L’importance de l’activité surfacique dans la réponse de la source electrospray doit donc être prise en compte lors du choix des molécules à étudier, pour les expériences ultérieures qui nécessiteront des faisceaux stables et intenses de biomolécules. Par exemple, dans l’étude des peptides, si le choix est possible, on peut choisir de privilégier les molécules qui possèdent des chaînes latérales apolaires (hydrophobes).
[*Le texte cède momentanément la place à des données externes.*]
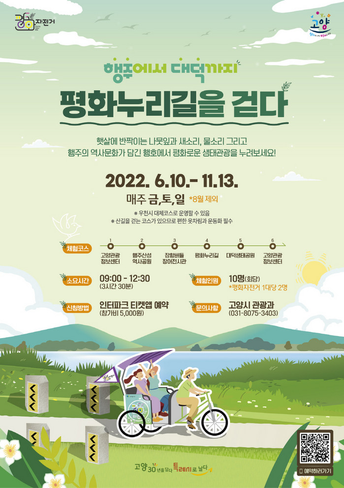 또한 6월 중순부터는 미개방 지역이던 군철책을 따라 걷는 DMZ 평화의길 도보 프로그램과 323천㎡의 면적에 새롭게 조성된 수변공간 고양한강평화공원, 행주방문자센터로 리모델링된 행주군막사를 선보이는 코스 등을 엮어 한강하구의 평화와 생태, 역사가 흐르는 명품 관광코스를 선보일 예정이다.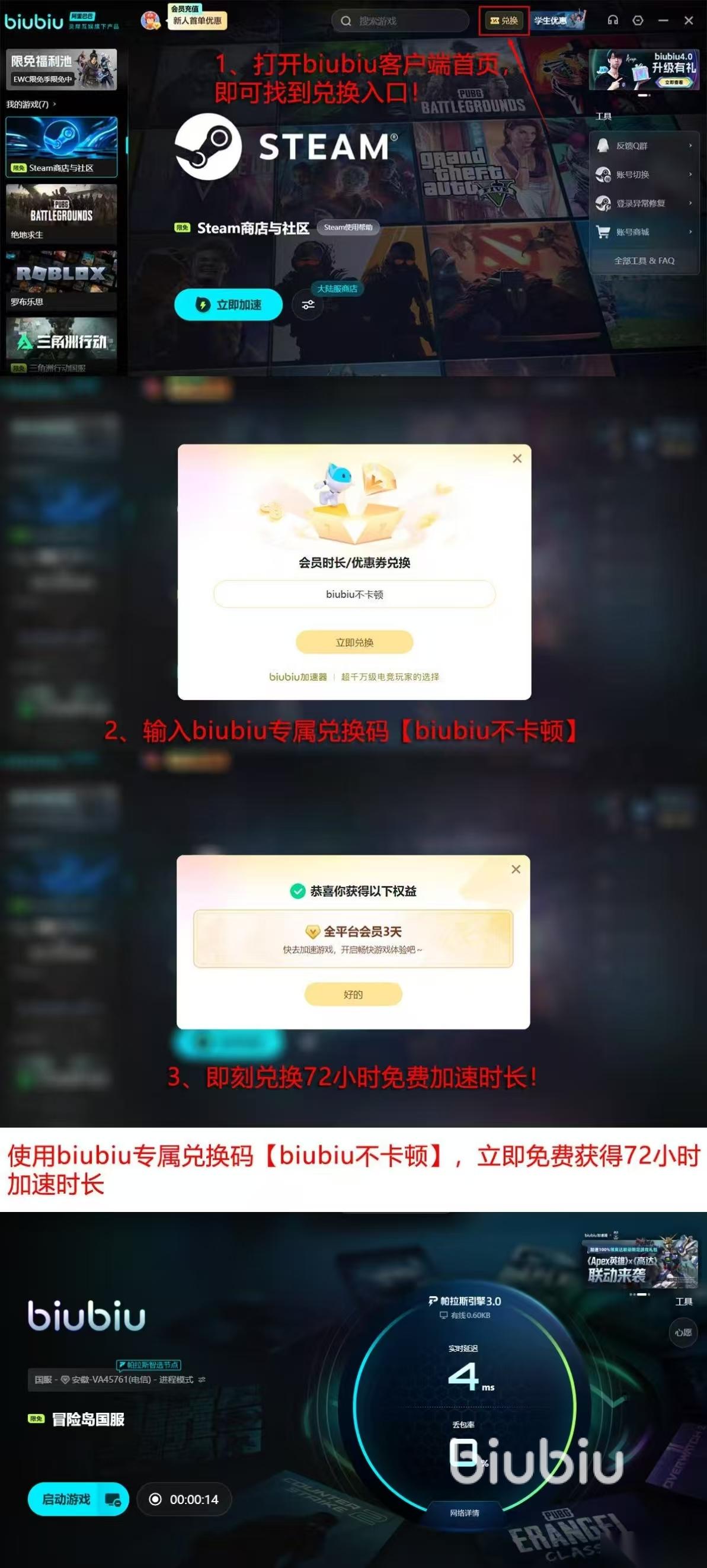 如果注册成biubiu加速器新用户,可以得到24小时免费试用。另外输入兑换码【biubiu不卡顿】可以得到72小时的加速时间,一共96小时。超值福利可以让你在测试游戏的稳定性能的时候,得到biubiu加速器强大功能的全方位体验,感受到飞跃式的体验提升。无论是和小伙伴一起去探险,在其它网络游戏中与朋友展开激烈竞争,biubiu加速器都能为用户给予全方位的优化服务。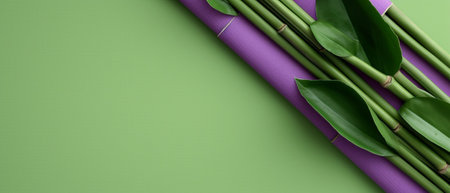 Generative AI : Green bamboo leaf wooden background Top view Copy space
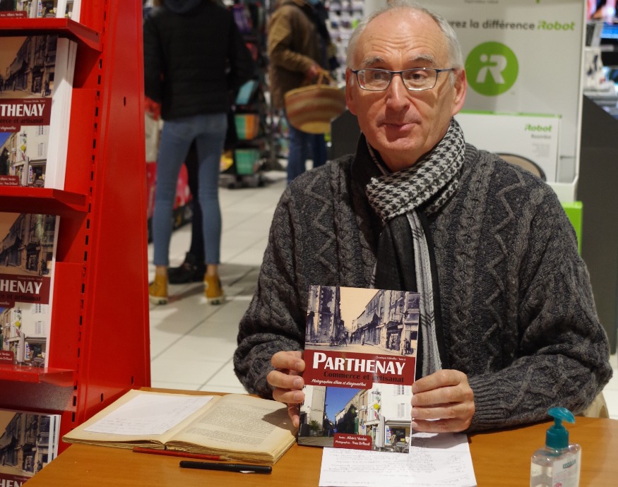 Samedi dernier, Albéric Verdon était dans la galerie commerciale du magasin Hyper U de Parthenay pour une séance de dédicaces de son dernier livre, le tome VI des « Chroniques gâtinelles ». On le rappelle, ce tome VI « Les commerces et l’artisanat de Parthenay d’hier et d’aujourd’hui », a été réalisé en collaboration avec un autre historien local, Yves Drillaud, et fait la part belle à la photographie plutôt qu’aux textes. Albéric Verdon, que Vincent Jabouille a rencontré lors de sa séance de dédicaces samedi dernier, se projette déjà dans le tome 7 qui est bien avancé.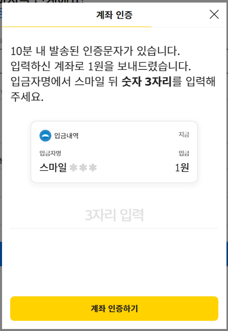 인증번호까지 입력해서 계좌를 인증하여 주세요
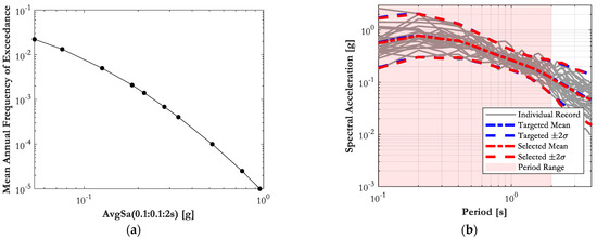 OpenQuake [27] was used to perform seismic hazard computations. The analysis is based on the SHARE Project [28] source model and the ground motion model proposed by Boore and Atkinson [29]. The hazard curve in terms of the spectral acceleration corresponding to the AvgSa (0.1:0.1:2.0 s) for the city of Ancona (Italy) [30,31] is shown in Figure 4a. A total of 25 pairs of ground motion records in two horizontal components were selected, for each of the ten intensity measure levels (IM levels), from the PEER NGA-West database [32]. For this purpose, any other ground motion record database, such as a European one [33], could have been used. Figure 4b illustrates the target conditional spectra (CS) for IM level 6 (close to Life Safety limit states (NTC 2018 [34]) for the site of interest, together with the 25 individual record spectra. More details on the record selection procedure are provided by Kohrangi et al. [30,31].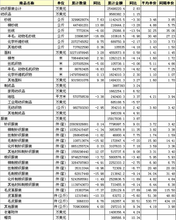 錦橋紡織網(wǎng)—資訊頻道> 統(tǒng)計(jì)資料>正文 2012年12月全國(guó)紡織服裝出口產(chǎn)品統(tǒng)計(jì)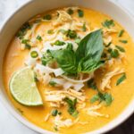 This Easy Thai Chicken Curry Soup is a flavorful, comforting dish featuring a creamy coconut milk base, fragrant Thai red curry paste, tender shredded chicken, and rice noodles. Perfect for a quick weeknight meal, it balances spice, tang, and herbaceous freshness for a deliciously warming bowl.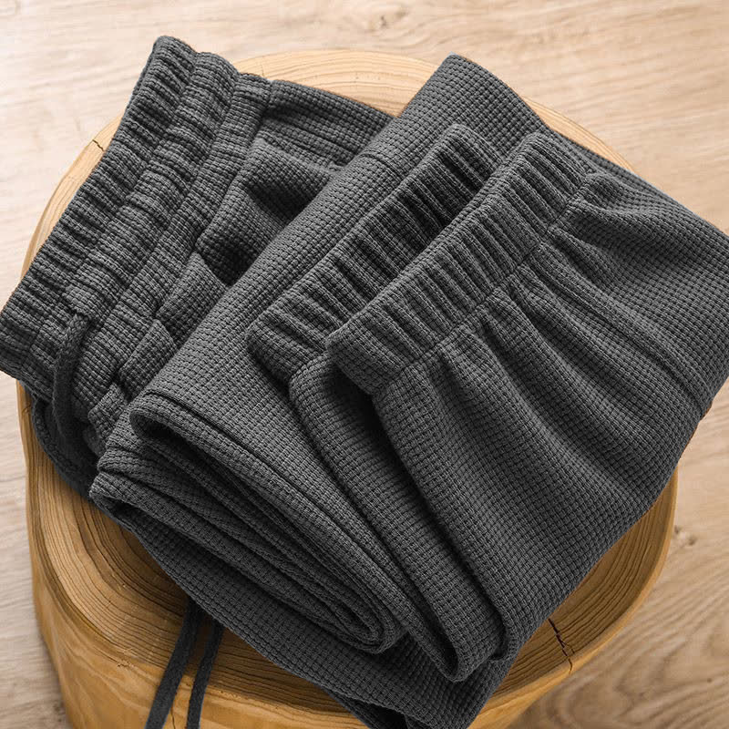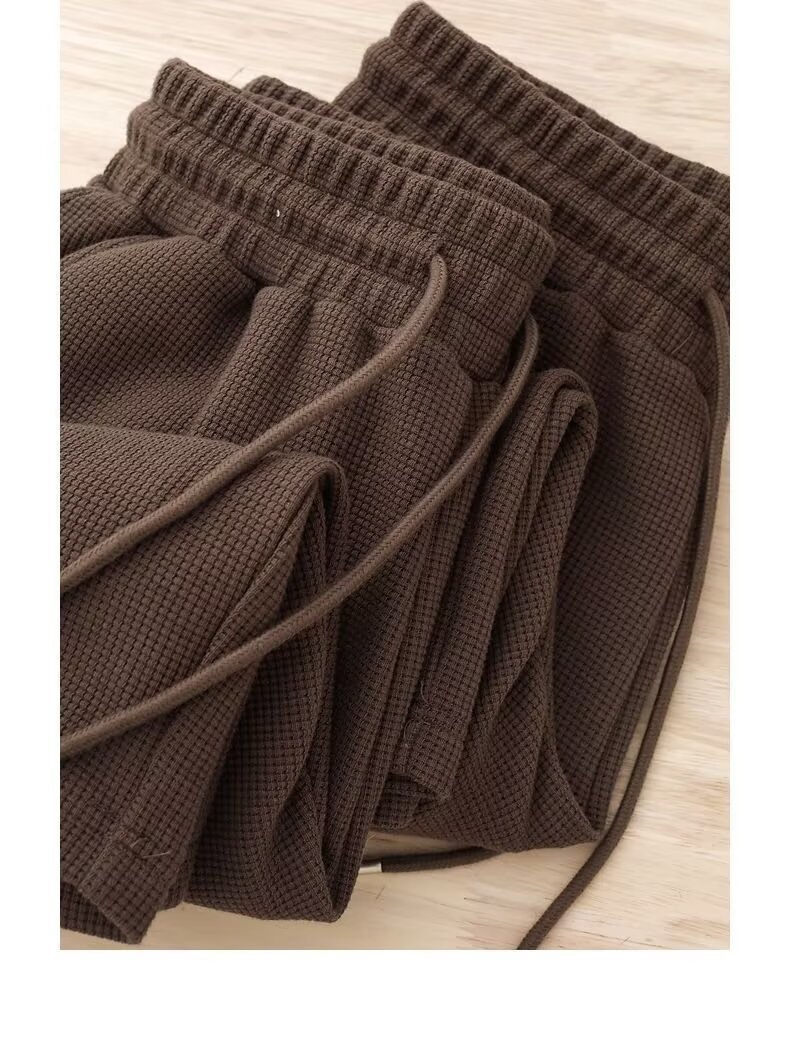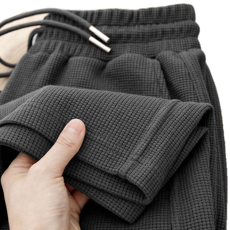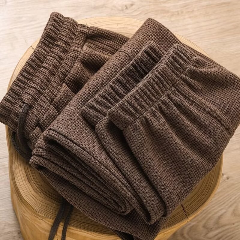 대외 무역 와플 바지 남성 2025 새로운 봄, 가을 느슨한 스트레이트 캐주얼 바지 남성 솔리드 컬러 와이드 레그 스포츠 바지

Par ailleurs, si la biomolécule à étudier est fortement apolaire, on peut envisager, du point de vue instrumental, d’utiliser des aiguilles de plus petits diamètres dans le but de former des gouttelettes plus petites et de faciliter ainsi la production des espèces en phase gazeuse. L’examen microscopique de la formation du cône de Taylor a montré que celui-ci prend forme sur l’extérieur de l’aiguille. C’est donc le diamètre extérieur de la pointe qui conditionne la taille des gouttes [153, 159]. La diminution du diamètre intérieur, quant à lui, permet d’utiliser des flux plus faibles et donc de consommer moins de solution. A l’heure actuelle, les aiguilles les plus fines ne peuvent être réalisées qu’à partir de capillaire en verre non conducteur. La difficulté de la miniaturisation des pointes, outre leur fragilité, réside donc essentiellement dans la polarisation de la solution à l’extrémité de l’aiguille. À l’avenir, et compte tenu des améliorations proposées dans cette partie, il est possible d’envisager la réalisation de dispositifs en verre métallisé comprenant plusieurs pointes de très petits diamètres et permettant la formation de multiples cônes de Taylor, afin d’accroître l’intensité du faisceau.